▼▼▼

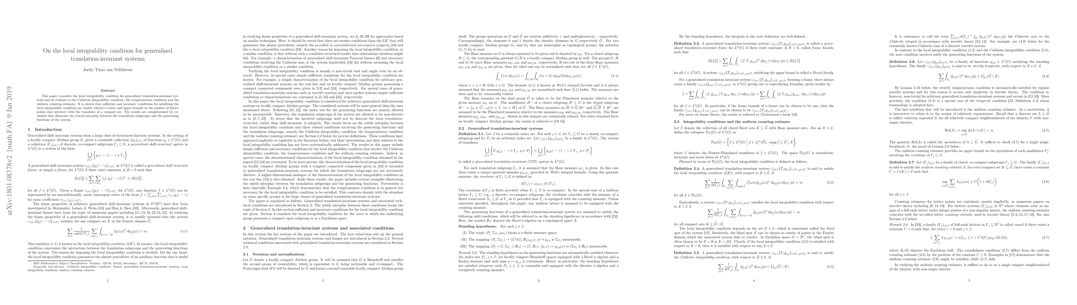 This paper investigates the local integrability condition for generalised translation-invariant systems, demonstrating its connection to the Calder\'on integrability condition and the temperateness condition. It establishes that the local integrability condition is linked to bounds on lattice points intersecting with system translates, supported by examples highlighting the interaction between translation subgroups and system generating functions.
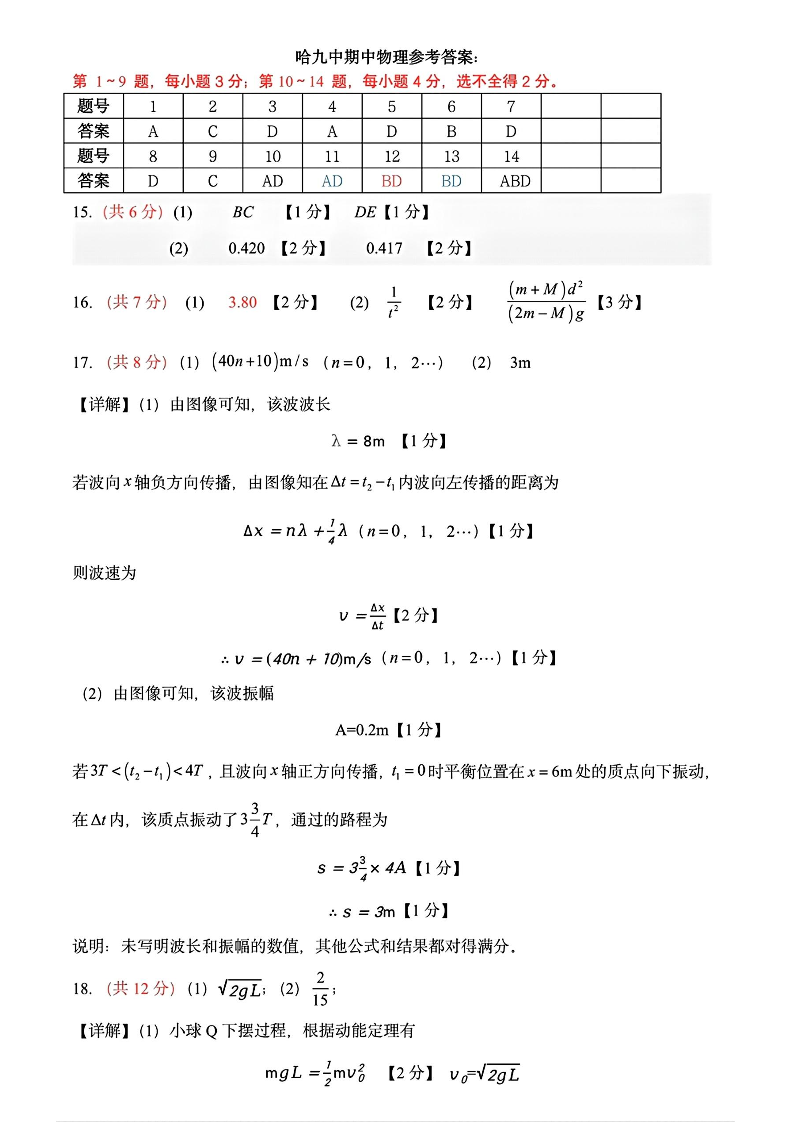 黑龙江省哈尔滨市第九中学2025届高三上学期期中考试物理答案
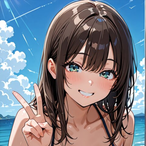 1girl, huge breasts, swimsuit, leaning forward, beach, smiling, v sign
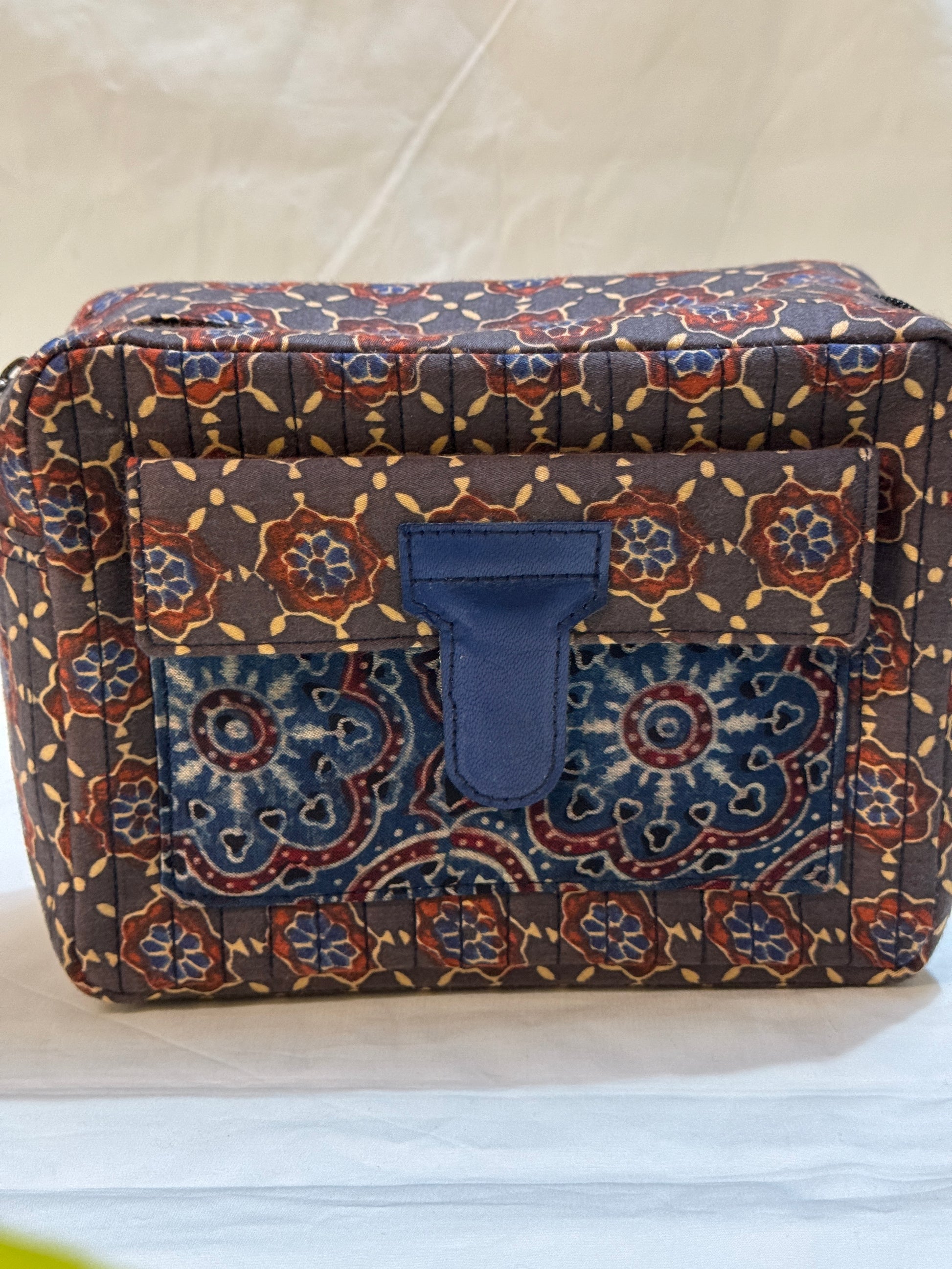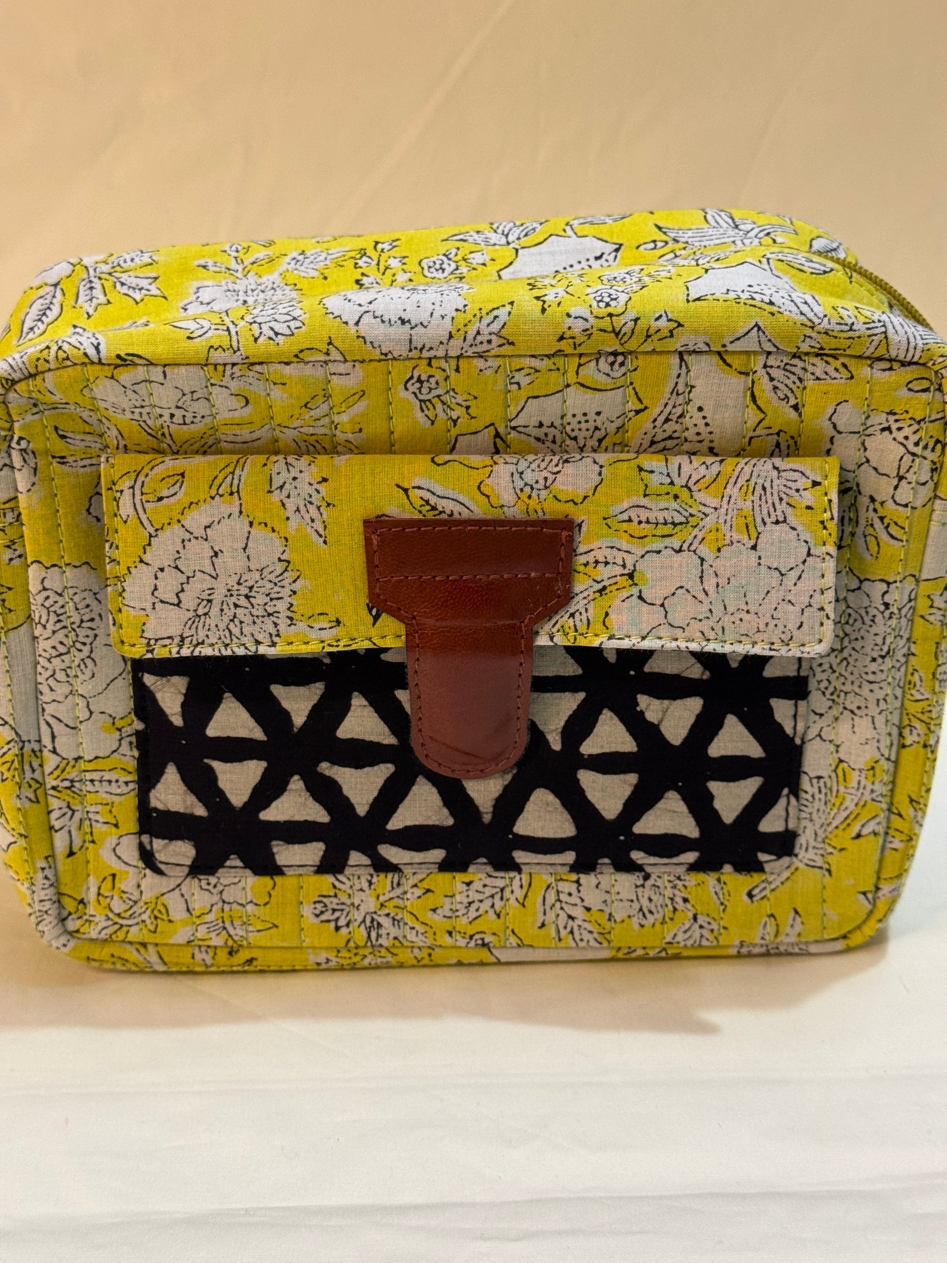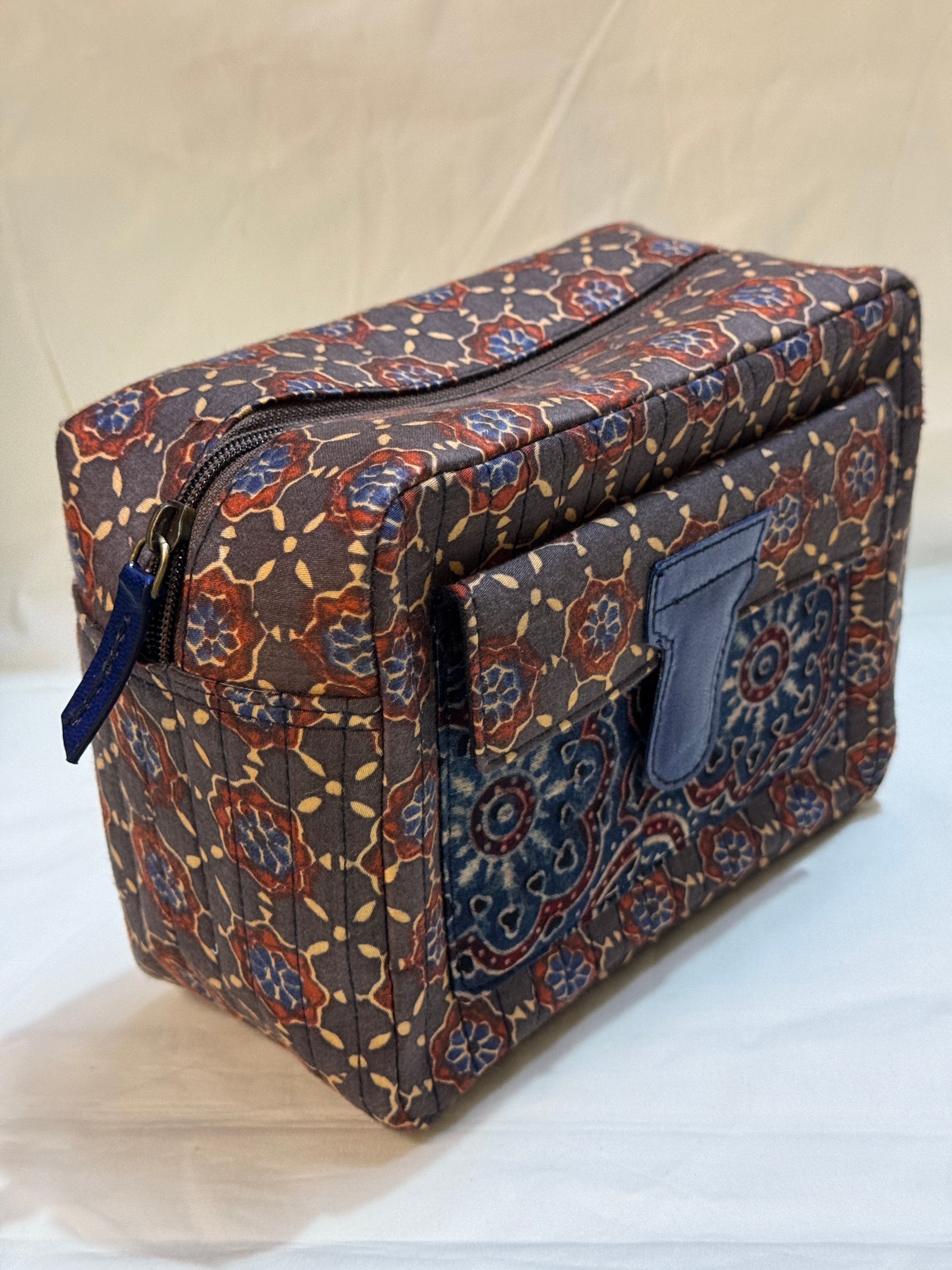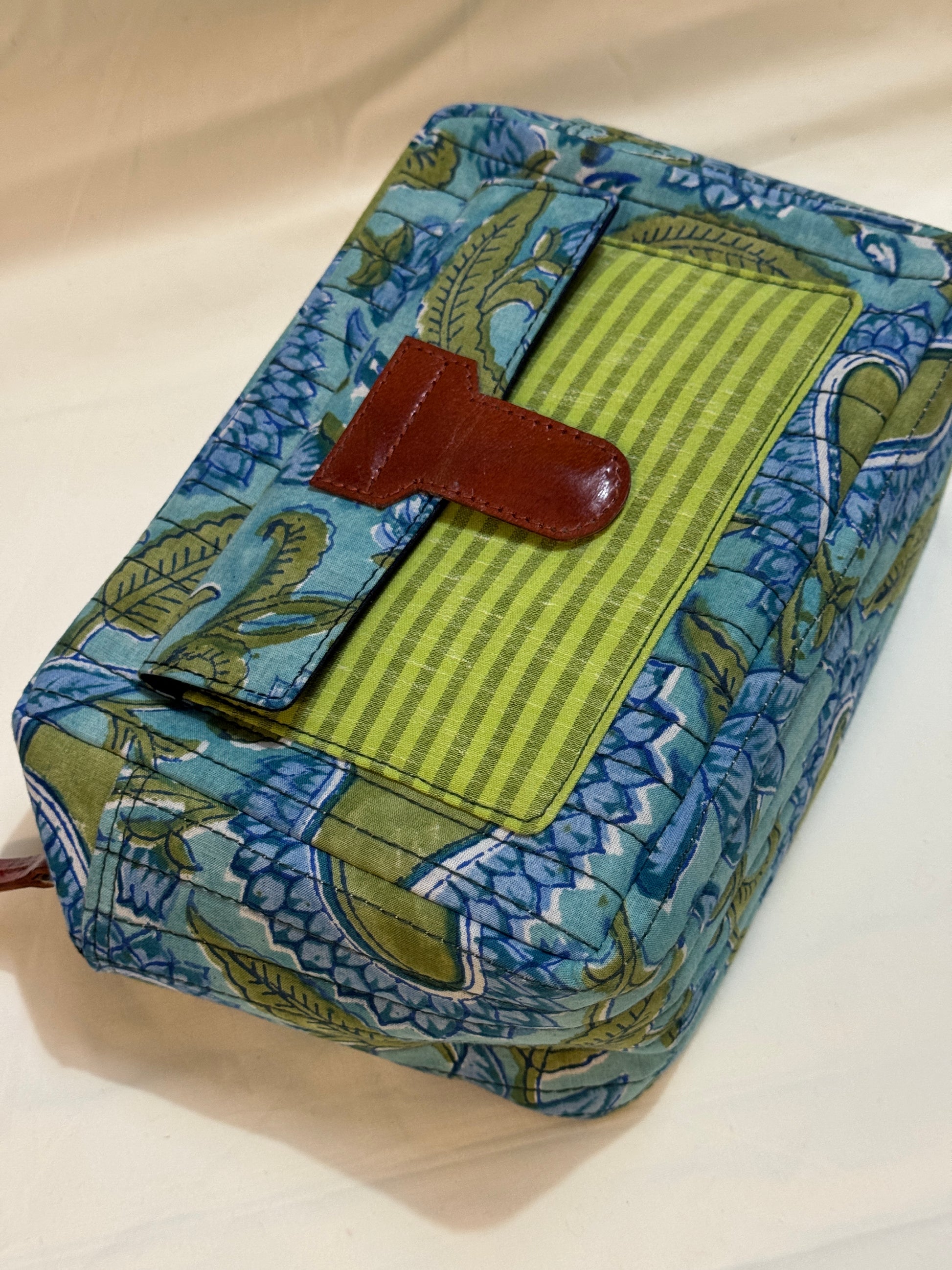 Handcrafted toiletries / travel pouch with leak proof plastic lining plus colorful front pocket with leather patch
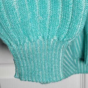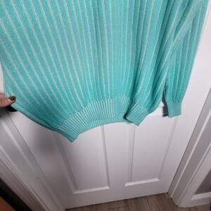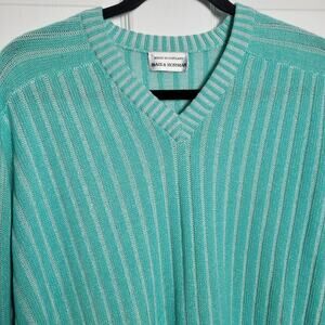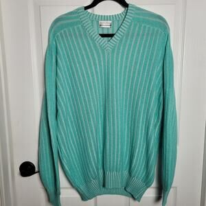 Maus & Hoffman Sweater Mens Large Aqua Striped V Neck Cashmere Cotton Scotland

▲▲▲

From the line containing "黑龙江省哈尔滨市第九中学2025届高三上学期期中考试物理答案" down to the last line of the entries above, retype each line exactly as it stands, but skip the pictures.

Task response =
 黑龙江省哈尔滨市第九中学2025届高三上学期期中考试物理答案
 1girl, huge breasts, swimsuit, leaning forward, beach, smiling, v sign
 Handcrafted toiletries / travel pouch with leak proof plastic lining plus colorful front pocket with leather patch
 Maus & Hoffman Sweater Mens Large Aqua Striped V Neck Cashmere Cotton Scotland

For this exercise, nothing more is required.